I've used a DFS approach to point out the regions of 'O' characters that were not completely 'X' surrounded.

To identify these regions, I have checked all the grid borders. If I encounter any 'O' character along the border, it indicates that the connected 'O' characters within this region is not entirely enclosed by 'X'. So, I label such 'O' characters as 'N'.
At last, I identify the 'O' characters that are entirely surrounded, and I replace them with 'X' and change 'N' to 'O' back.
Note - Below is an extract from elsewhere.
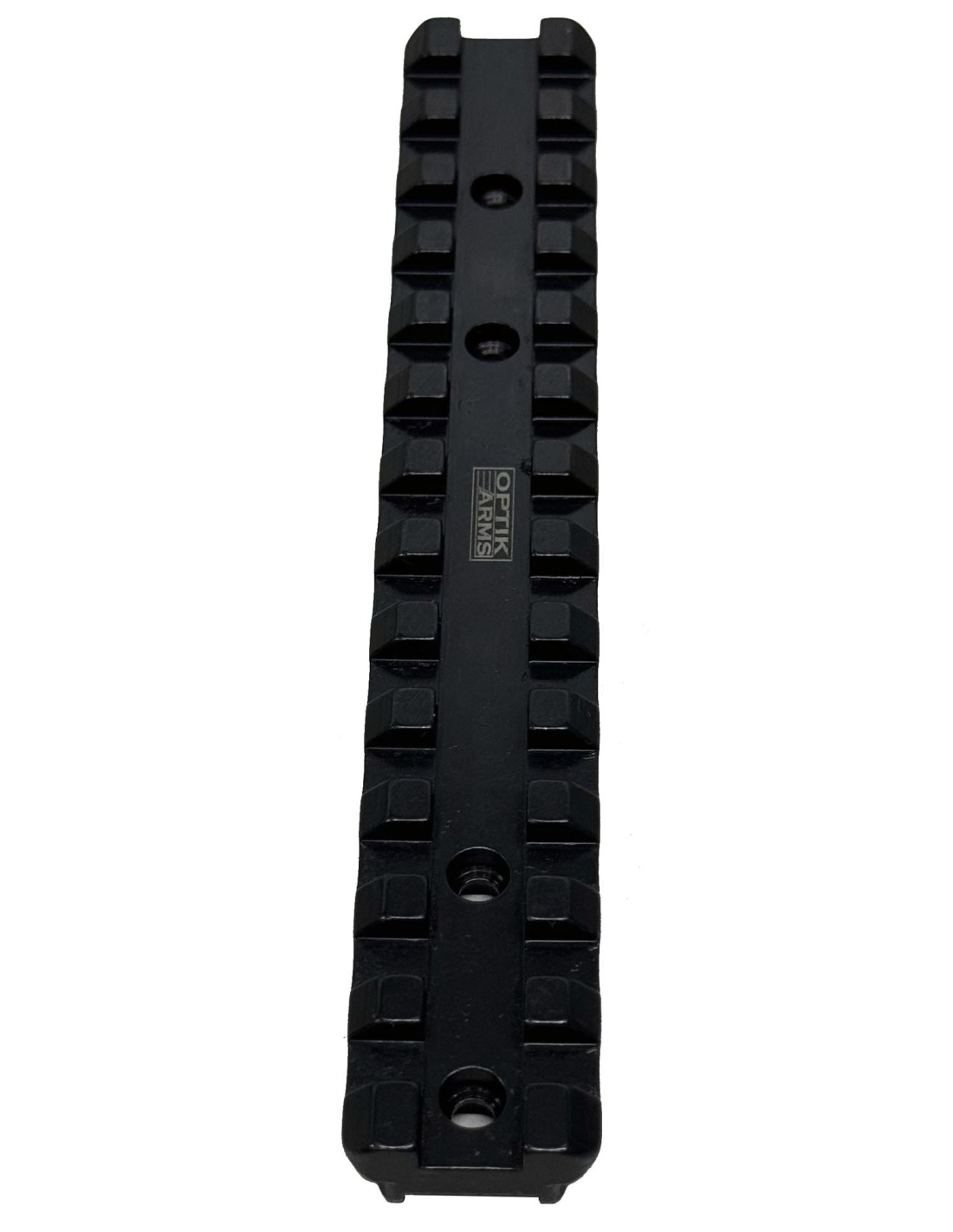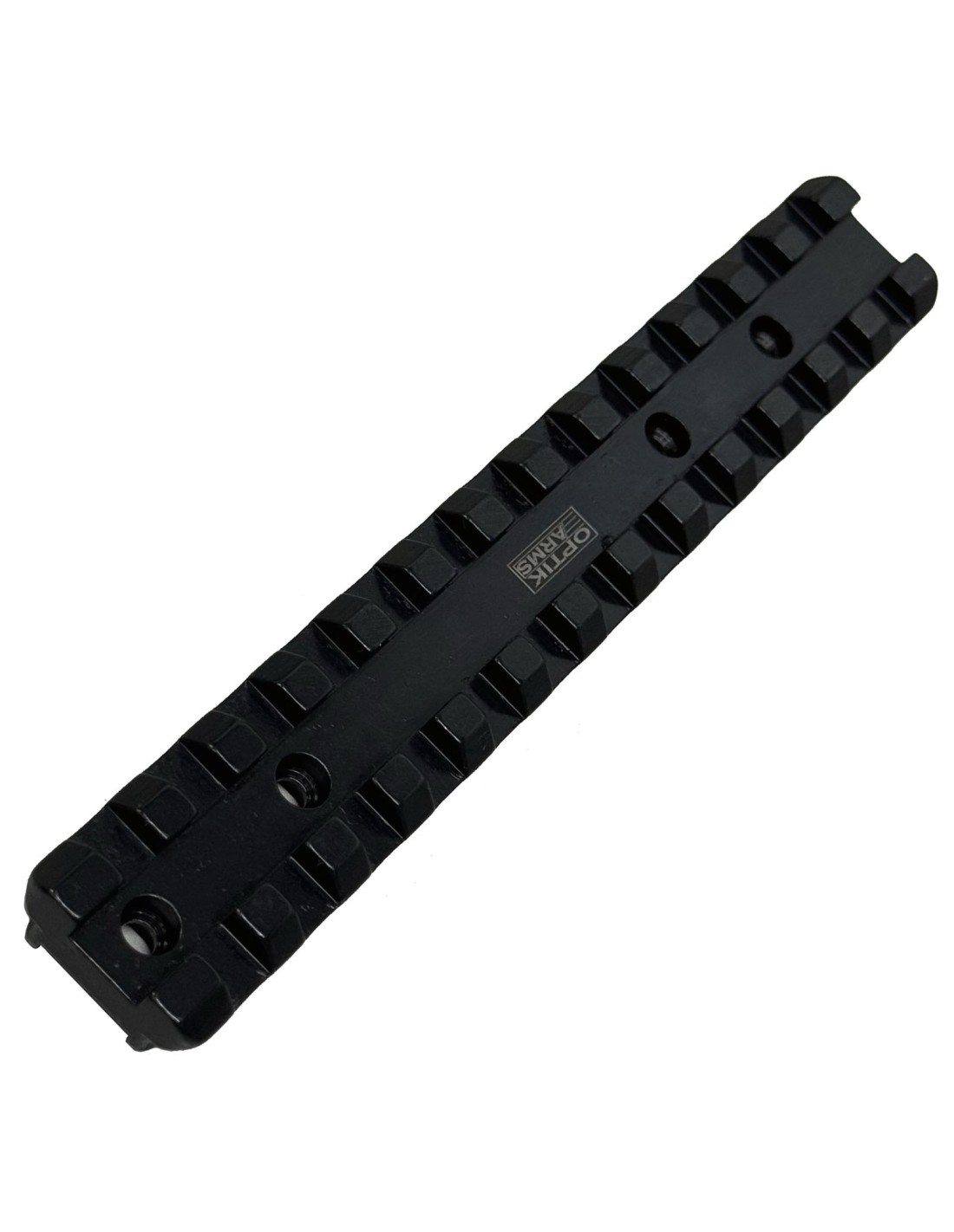 Los carriles picatinny de OPTIK ARMS están fabricados a partir de una pieza de acero hexagonal de alta calidad y mecanizados en centros de CNC de alta precisión. Estos carriles fabricados a gran precisión para conseguir la mejor calidad poseen un acabado pavonado y todos sus bordes están redondeados.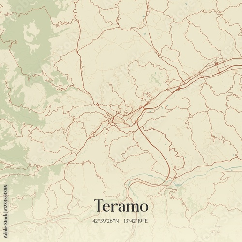 teramo, geography, italy, city, abruzzo, destination, poster, map, street, olive, art, atlas, satellite, topography, sepia, plan, city landscape, vintage, nostalgic, municipality, outline, street, stylish, metropolitan, europa, road, navigation, elegant, retro, aerial, design, transportation, illustration, heritage, serif, cartography, river, urban, forest, wood, dune, art deco

The steps involved in implementing this:

I define a dx and dy array to represent the four possible directions: up, down, left, and right.
I create two helper functions:
- isValid checks if a given cell is within the bounds of the matrix.
- isBoundary checks if a given cell is on the boundary of the matrix.
I use a recursive function setNotClosed to mark all connected 'O' characters as 'N' if they are not closed (not surrounded by 'X').
In the fill function, I iterate through the entire matrix and whenever I encounter an 'O' on the boundary, I call setNotClosed to mark all connected 'O' characters as 'N'.
Finally, I iterate through the entire matrix again and change 'O' to 'X' and 'N' back to 'O' to complete the transformation.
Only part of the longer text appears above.